WORK ORDER: Begin with the opening line of the records and extract each line through the one holding "腹五社神社の由来から、大正大"; pictures are not part of the copy.

[[ RECORDS SUPPLIED, beginning ]]

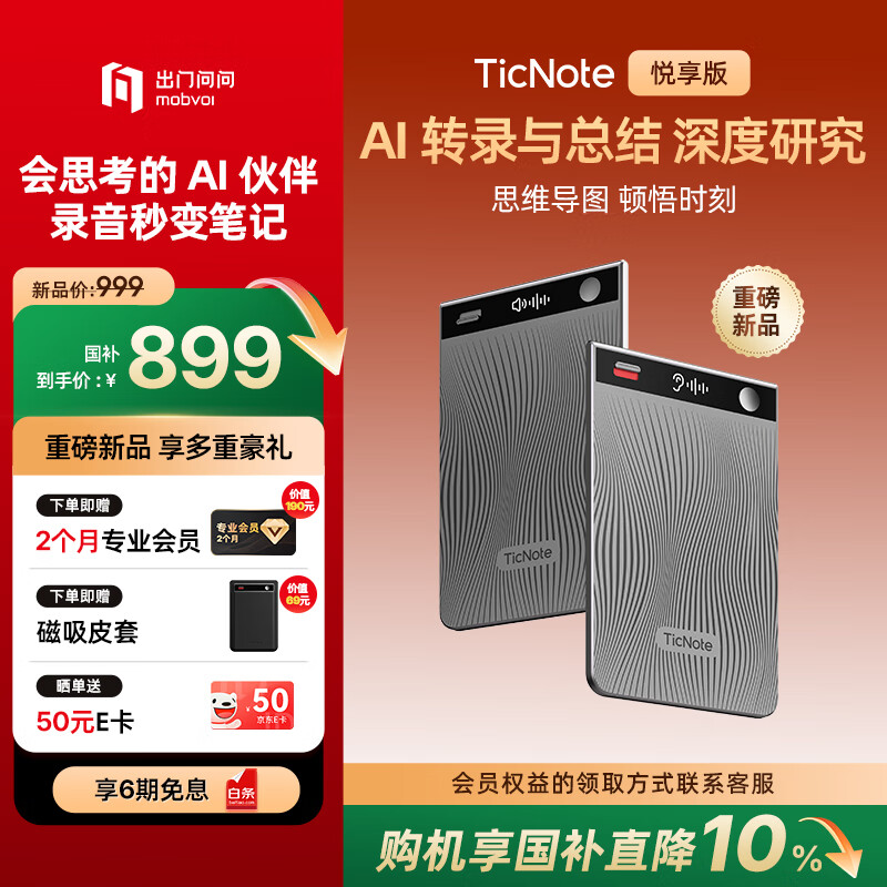 出门问问TicNote AI 录音笔悦享版经典灰 录音转文字 录音卡智能降噪 随身便携专业录音设备录音机纪要总结
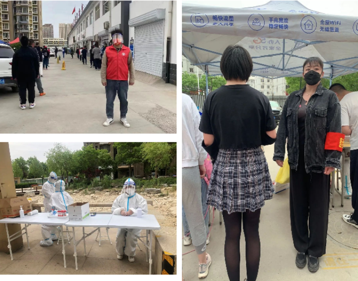 市文化市场综合行政执法局张永进、韩长勇、王建彬、张海峰、李占平、王洪义、张建文等参加社区核酸检测志愿服务
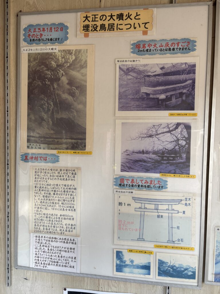 腹五社神社の由来から、大正大噴火当時の生々しい写真、さらにはどのようにして鳥居が埋まっていったのかという詳細な図解まで、とても分かりやすく展示されていました😀
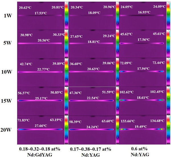 固体激光技术中,激光增益介质的热效应是限制激光性能提升的技术瓶颈之一。激光运转过程中晶体元件温度分布不均匀是产生热效应的主要原因。目前,改善激光晶体热效应的方法主要包括优化晶体形状、调整泵浦模式以及改进冷却方式等。研究团队前期通过类泡生方法生长了不同梯度浓度Nd3+掺杂的激光晶体,并对单端泵浦的梯度浓度晶体进行了激光性能和光谱性能研究,研究结果证实梯度浓度激光晶体可有效提高泵浦吸收的均匀性,改善热效应。
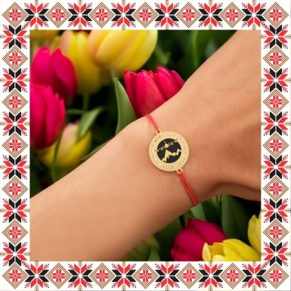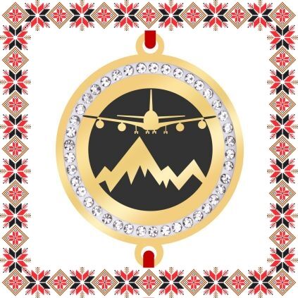 Bratara martisor cu pandantiv de inox in forma de banut de culoare aurie cu pietre multifatetate transparente, gravata cu peisaj montan si un avion in zbor. Martisor creat cu bucurie! Alege un martisor realizat din otel inoxidabil pentru ca primitoarea il va putea purta tot anul, fa-o sa zambeasca odata cu venirea primaverii!
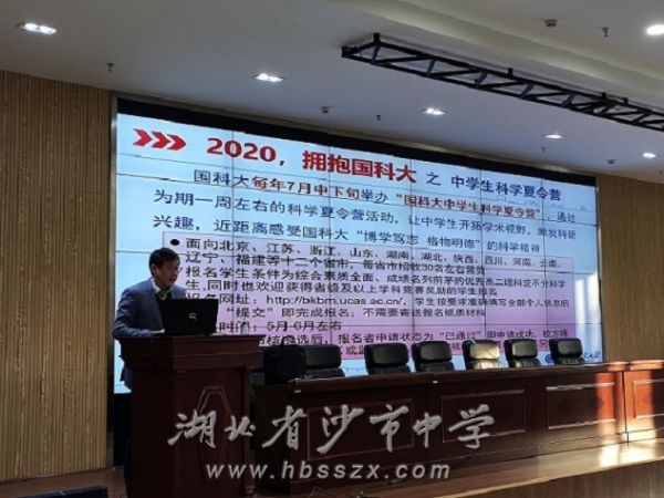 杨国强教授,作为中国科学院大学副校长,首先无比自豪地向我校师生介绍了中国科学院大学及2020年本科招生计划情况,激励我校优秀学子好好学习,踊跃报考,争取早日来到中国科学院大学学习深造。

[[ RECORDS SUPPLIED, end ]]

EXPECTED ANSWER:
 出门问问TicNote AI 录音笔悦享版经典灰 录音转文字 录音卡智能降噪 随身便携专业录音设备录音机纪要总结
 市文化市场综合行政执法局张永进、韩长勇、王建彬、张海峰、李占平、王洪义、张建文等参加社区核酸检测志愿服务
 腹五社神社の由来から、大正大噴火当時の生々しい写真、さらにはどのようにして鳥居が埋まっていったのかという詳細な図解まで、とても分かりやすく展示されていました😀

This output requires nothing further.